By Jessica Darago
On the way home from work the other night, I happened to catch the NPR segment called Three Books, where a reviewer talks about three of his or her favorite books on one theme–topic, genre, character type, what have you. My first thought (okay, my first thought was probably, “Ooo, books!”, but my second thought) was “I’m totally stealing this idea for the blog!”
As I mentioned in my official bio on the Romantic Times website, It was M. M. Kaye’s The Shadow of the Moon that first inspired me to write gothic historical fiction. The story is set primarily in India in the 1850s, in the buildup to and amid the horrors of the Sepoy Mutiny of 1857 (which is also addressed in Meredith Duran’s stunning debut novel, The Duke of Shadows–are the titles mere coincidence?). Winter de Ballestros, trapped in a nightmare marriage to a commissioner of the British East India Company, uncovers hints of a native conspiracy to overthrow the British occupying forces. She turns to the only British officer she can trust–Alex Randall, her husband’s assistant and the man she secretly loves. Alex has long been aware of the coming storm, but he cannot convince the Company’s leaders of the danger. When the Company’s callous treatment of the Indian people drives the native soldiers to mutiny, Alex cannot stop the tide of violence and horror, and he and Winter must run to survive.
I’ve often called Shadow my Ur-romance novel, an example of everything I think historical romance should be: full of lush detail, a cast of authentic, original characters, and the fate of a nation at stake. For historical drama, it doesn’t get any better than this.

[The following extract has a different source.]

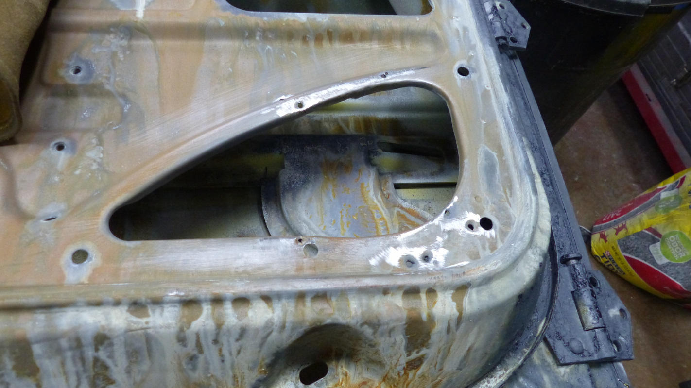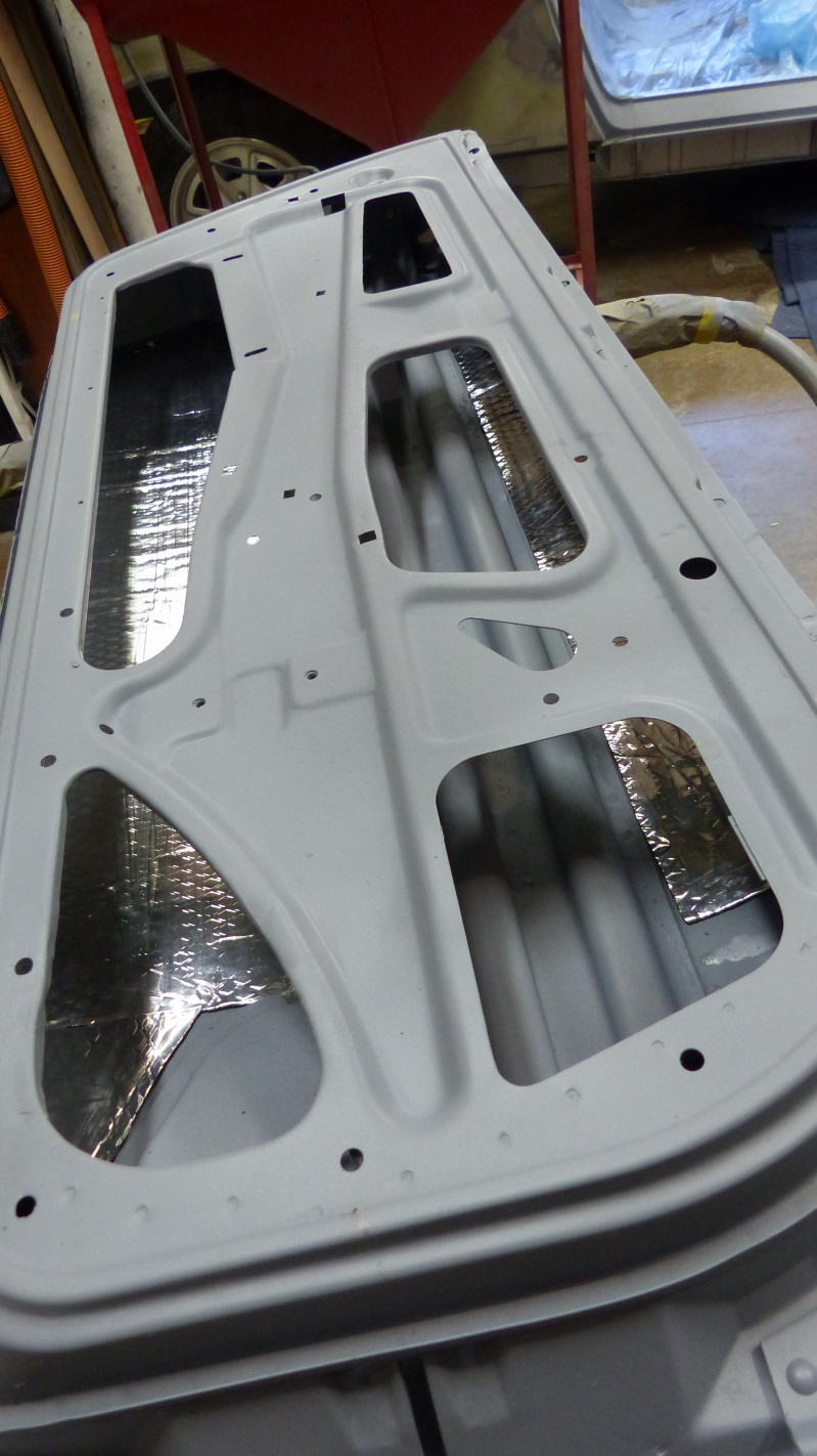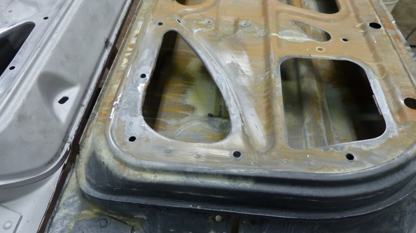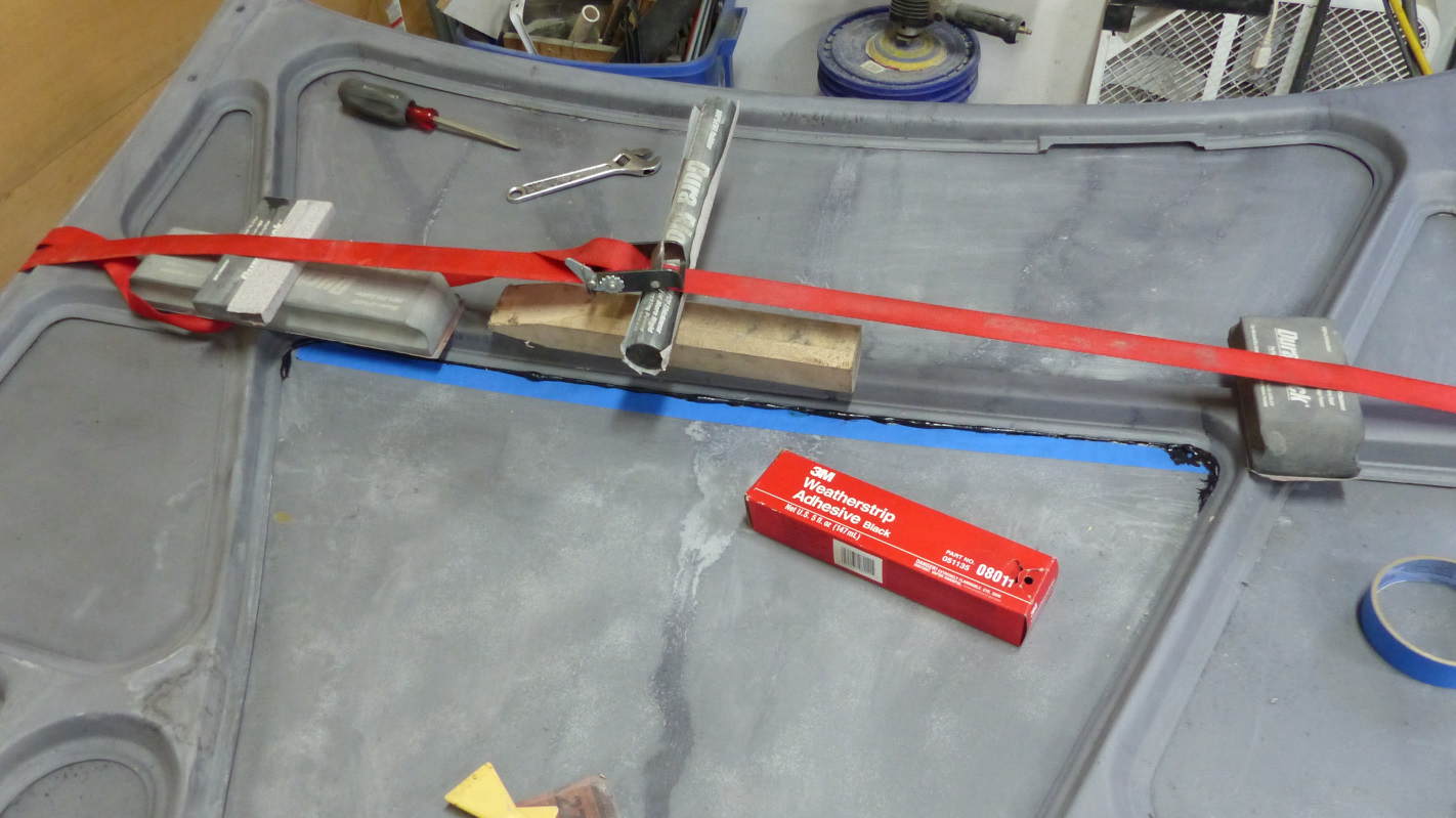 Well I guess this is project update day and I'm a little behind. Spent a lot of time getting deck lids and doors ready for primer. I think I started a mild controversy saying I was going to glue the frame to the hood skin on another thread. In reality, I was just trying to replicate what the factory did. They just glued down the central cross member what looked to be butyl caulk. 3M Weatherstrip Adhesive has very similar, if not identical properties. Plenty of stretch to allow the panel to move as needed.

Though I usually list Shadow as my favorite, it was far from the only book of its kind to make an impression on my adolescent psyche. In fact, the first romance novel I ever read was by the prolific and beloved Victoria Holt. She (under her various pseudonyms, but especially as Holt or as Jean Plaidy) was my grandmother’s favorite author. I think my mother still has a shelf full of her hardbacks. One lazy summer day when I was 13, hot and bored and looking for something to read, I pulled The Judas Kiss off that shelf. I read it in one gigantic gulp, then immediately gave it to my best friend Robyn to read. She devoured it too, and thus two obsessions with all novels gothic were born.
The Judas Kiss tells the story of Pippa Ewell, a woman on a quest to find her sister’s killer and recover her sister’s son, whom no one else believes exists. Along the way, she meets Conrad, a mysterious stranger (all good gothic novels have a mysterious stranger!) who sweeps her off her feet (and into bed). But when she learns Conrad’s true identity, she realizes he may be the man behind her sister’s murder. This novel follows my number one rule for creating conflict in a romance: The main character falls for the last person in the world she should love. The book is also remarkable by recent standards for not being set Germany, not Britain, a lovely and dramatic change of scenery.

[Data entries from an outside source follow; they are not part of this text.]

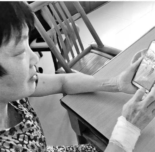 徐金妹手腕上缠着纱布,这是因为前些日子刚刚开完刀。她笑笑说,“没事,就是个小手术,以前的那些个事都经历过了,这不算啥。”
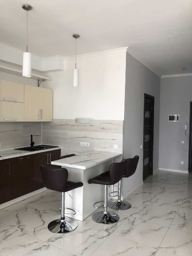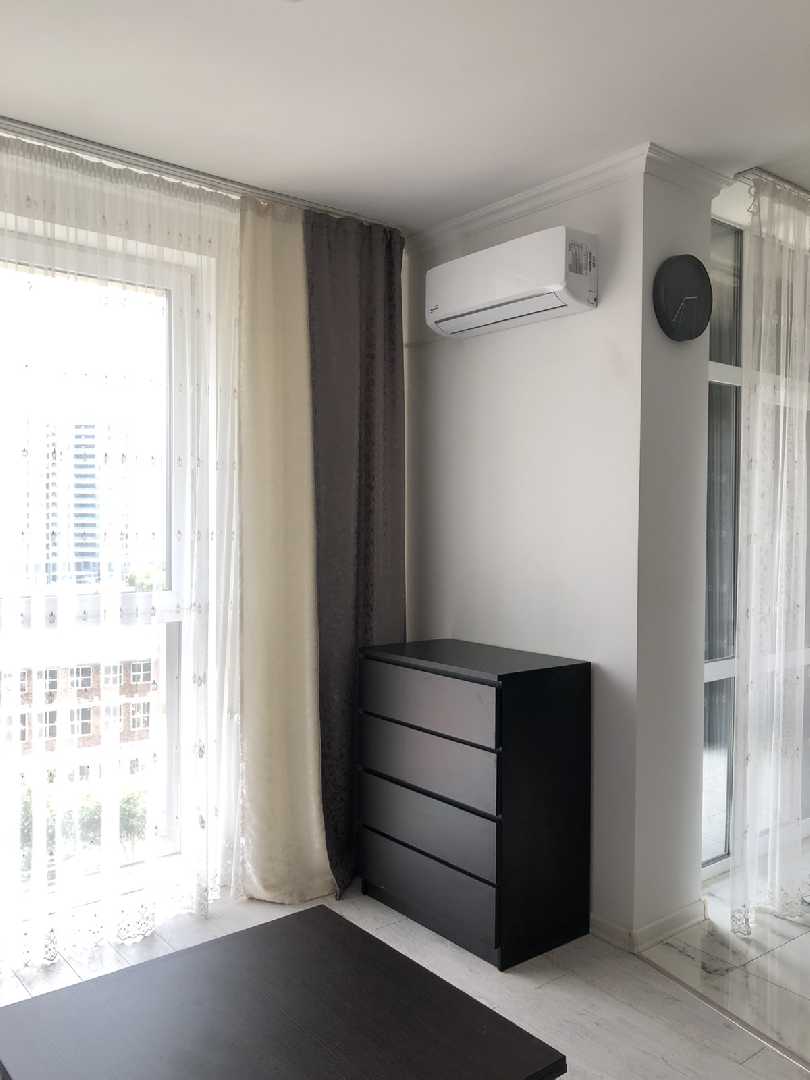 Оренда 1 км квартири в ЖК Авалон Гарден Квартира знаходиться в ЖК Авалон Гарден, має ізольвану терериторію, резервне живлення на випадок відключення світла (подача води та ліфти працюють). Квартира складається з просторої кухні студії розділеної на обідню та відпочинкову зону. Квартира забезпечена всім необхідним телевізор, кондиціонер, пральна машина, мікрохвильовка, холодильник, пилосос. Опалення в квартирі індивідуальне газове, присутній підігрів підлоги. Сунвузол суміжний, душова кабіна. За всіма деталями зза телефоном. Розглядаються орендарі на довготривалій основі, діти та тварини до розгляду. Ціна: 500$ + КП
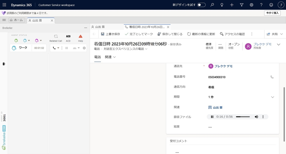 ・通話録音を含めた履歴が自動的に「Dynamics 365 Customer Service」のカスタマーワークスペースに記録されます。
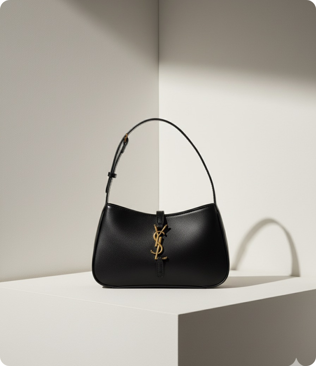 The bag’s soft, slightly structured crescent shape embodies a sophisticated vintage feel, while the adjustable leather strap allows it to sit perfectly on the shoulder. Its minimalist exterior is dramatically contrasted by the bold, polished gold-tone Cassandre (YSL monogram) hook closure, which fastens the strap and secures the main compartment.
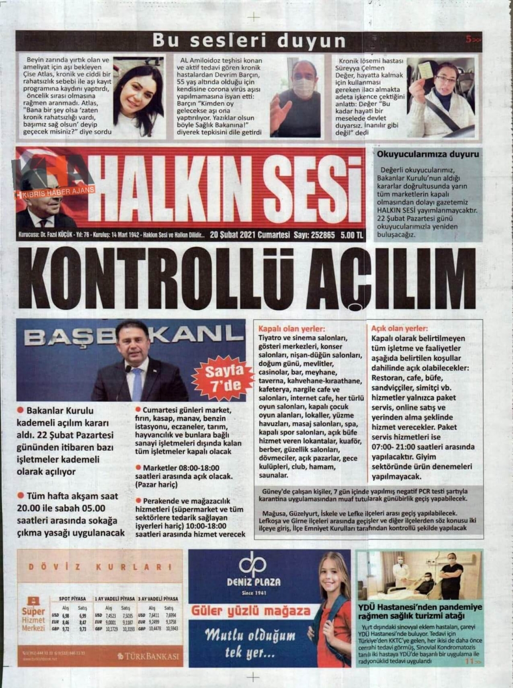 KKTC'de Bugün Gazeteler Ne Manşet Attı? (20 Şubat 2021)
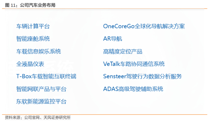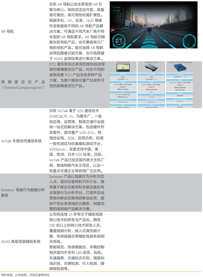公司前旗下子公司东软睿驰是目前国内商用车ADAS领域为数不多具备从硬件(摄像头、域控制器)、基础软件平台及功能应用开发的全栈解决方案提供商,已经前装量产的商用车客户包括一汽解放,东风、陕汽、福田、戴姆勒、江淮、红岩等国内数家头部商用车车企。
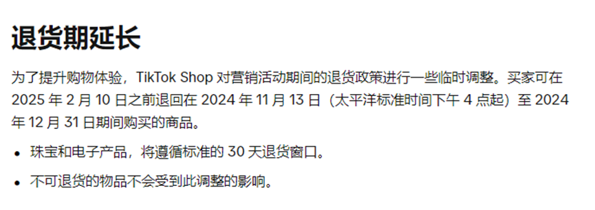 首先,TikTok Shop美国站将在北京时间2024年11月14日至2024年12月3日期间延长标准订单履约时效,卖家发货时间从3个工作日增至4个工作日,自动关单期限也从订单日起的7个工作日延长至8个工作日。此外,考虑到旺季期间卖家工作量暴涨,TikTok Shop还贴心的延迟了履约率时效更新,只要卖家能提供有效物流追踪号即可避免延迟发货处罚。 其次,TikTok Shop还延长了旺季订单退货期限,除了珠宝、电子产品等需要遵循30天退货窗口规定的产品,其余在指定日期内购买的商品都可以在2025年2月10日申请退回。与之相对应的,退货订单在途时间窗口和退货退款审核窗口也会往后延,以给予卖家更多时间处理售后问题。
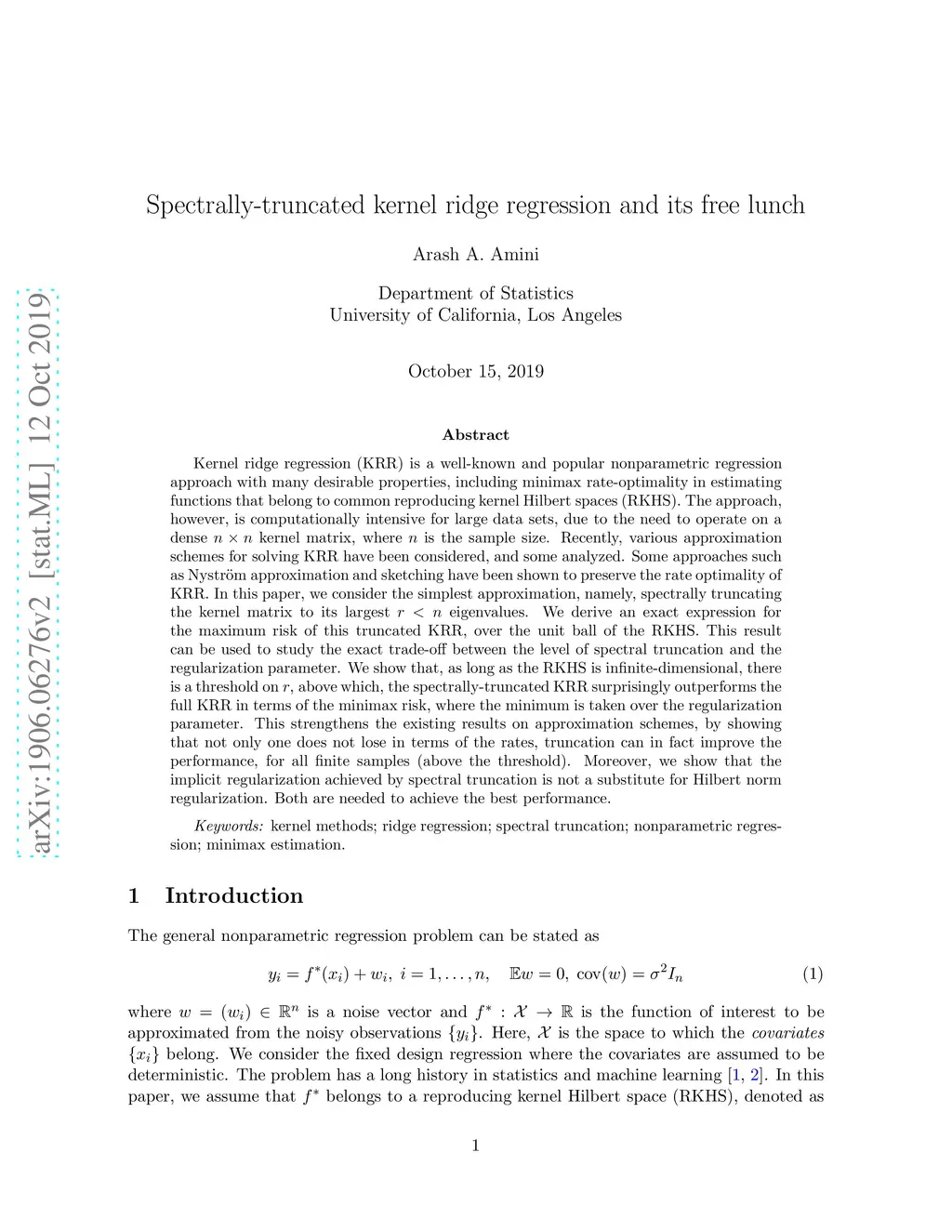 Kernel ridge regression (KRR) is a well-known and popular nonparametric regression approach with many desirable properties, including minimax rate-optimality in estimating functions that belong to common reproducing kernel Hilbert spaces (RKHS). The approach, however, is computationally intensive for large data sets, due to the need to operate on a dense kernel matrix, where is the sample size. Recently, various approximation schemes for solving KRR have been considered, and some analyzed. Some approaches such as Nystr\"{o}m approximation and sketching have been shown to preserve the rate optimality of KRR. In this paper, we consider the simplest approximation, namely, spectrally truncating the kernel matrix to its largest eigenvalues. We derive an exact expression for the maximum risk of this truncated KRR, over the unit ball of the RKHS. This result can be used to study the exact trade-off between the level of spectral truncation and the regularization parameter. We show that, as long as the RKHS is infinite-dimensional, there is a threshold on , above which, the spectrally-truncated KRR surprisingly outperforms the full KRR in terms of the minimax risk, where the minimum is taken over the regularization parameter. This strengthens the existing results on approximation schemes, by showing that not only one does not lose in terms of the rates, truncation can in fact improve the performance, for all finite samples (above the threshold). Moreover, we show that the implicit regularization achieved by spectral truncation is not a substitute for Hilbert norm regularization. Both are needed to achieve the best performance.

Finally, I come to a novel that by current standards many would hesitate to call a romance. But I would call it one, and in fact I believe Anya Seton practically invented the paranormal romance genre in her dark tale of love, politics, and reincarnation, Green Darkness. Celia Marsden is a woman literally haunted by her past–her past life, that is. As Celia de Bohun, her forbidden romance with Brother Stephen during the turbulent days of the Tudor Reformation brought her to a horrific end. Now a 20th-century American woman, her marriage to English nobleman Sir Richard Marsden is being torn apart by Richard’s strange moods and Celia’s terrifying visions of her former life. Enter Dr. Akananda, a Hindu psychologist who recognizes the cause of Celia’s growing madness and helps her through a past life regression in the hopes of setting her free.
Green Darkness is not an easy book to read. It is full of the brutality of life in the Tudor era and the cruelties of madness and a crumbling marriage. But it is a sprawling, dense, engrossing, thought-provoking, and satisfying novel for fans of history and fantasy alike.

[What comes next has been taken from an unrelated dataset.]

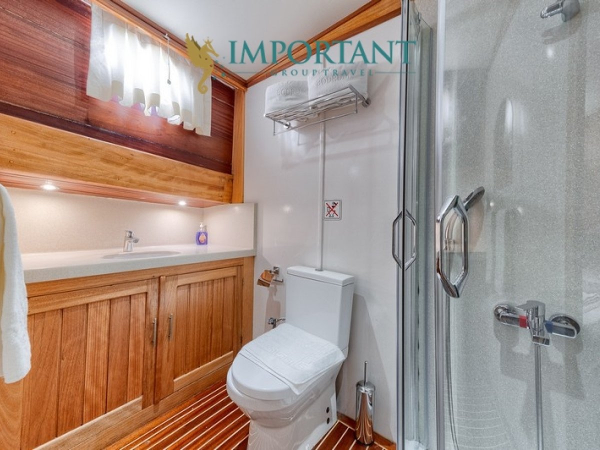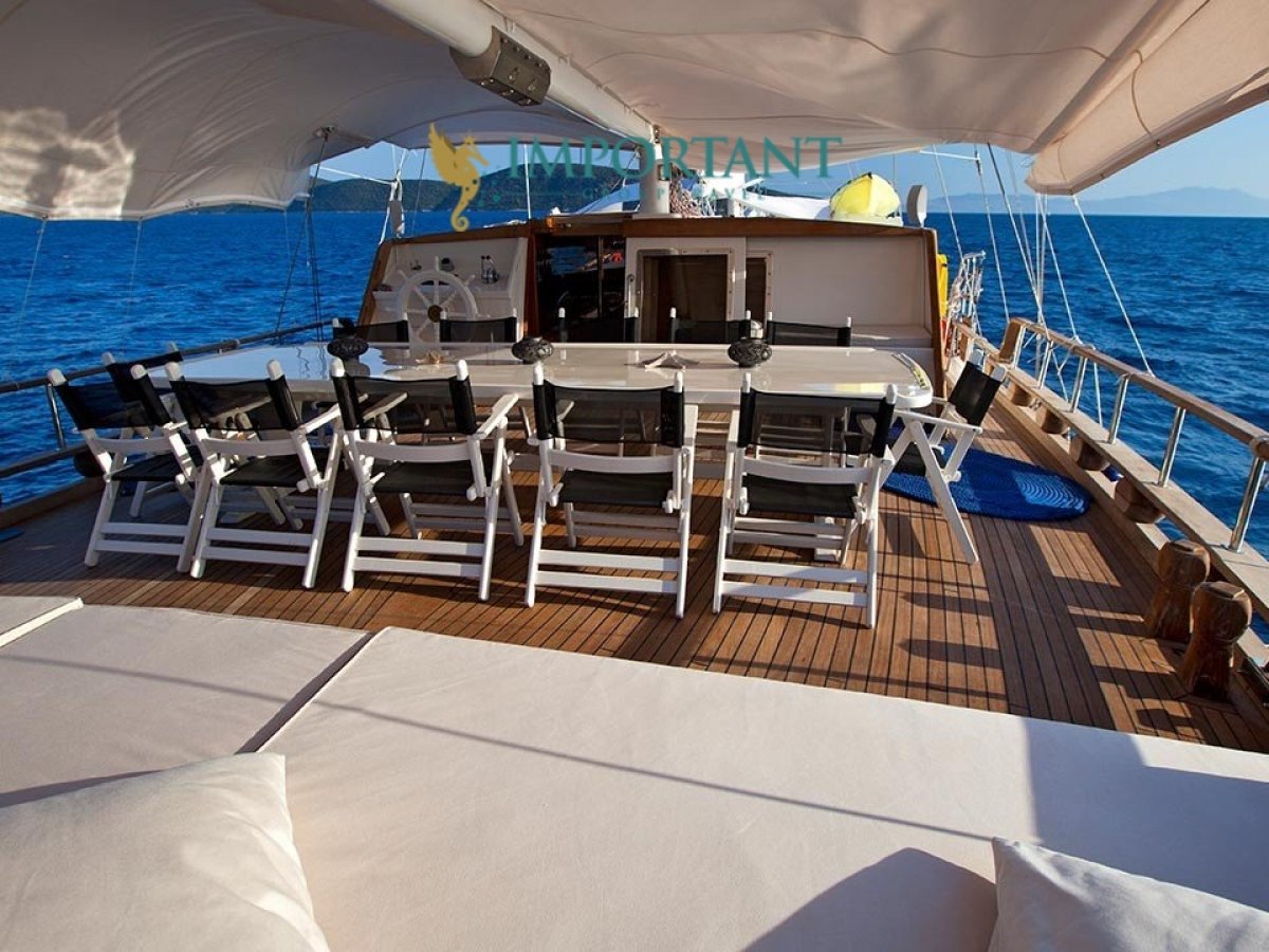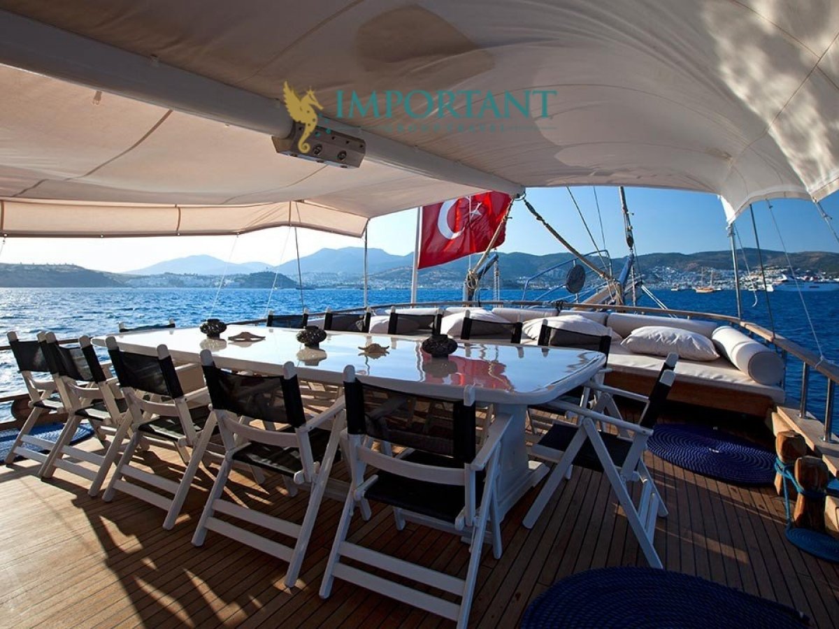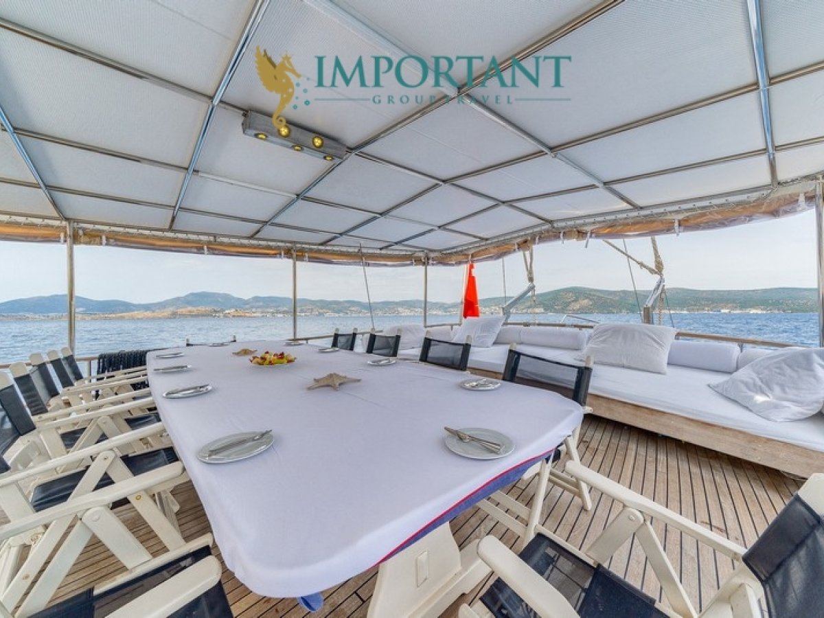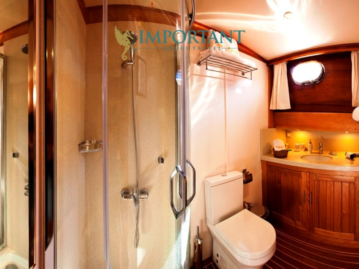 İç dizaynı, misafirlerimizin ihtiyaçlarını karşılamak üzere sade ve konforlu bir şekilde düzenlenmiştir. Geniş salonu ve güvertesinde yer alan yemek masaları ile sevdiklerinizle birlikte keyifli vakit geçirebileceğiniz alanlar sunmaktadır. Tam donanımlı mutfağımız, teknede geçirdiğiniz süre boyunca tüm gereksinimlerinizi karşılar. Her kabinde duş, wc ve klima bulunmaktadır. Bodrum çıkışlı bu guletimizle unutulmaz bir mavi yolculuğa çıkabilir, denizde de olsa evinizin rahatlığını hissedebilirsiniz.

Pretty clear, isn’t it, why I write dark gothic historicals. I can see elements of The Serpent’s Tooth in all of these books: Winter’s loneliness and searching for a home; the tragic conflict between Pippa’s love of her family and love of the hero; the sometimes un-romantic honesty about the political realities of Britain’s past shown in Seton’s novel. It’s been 20 years or more since I first read these three novels, but I know all three will always be a part of me as a writer.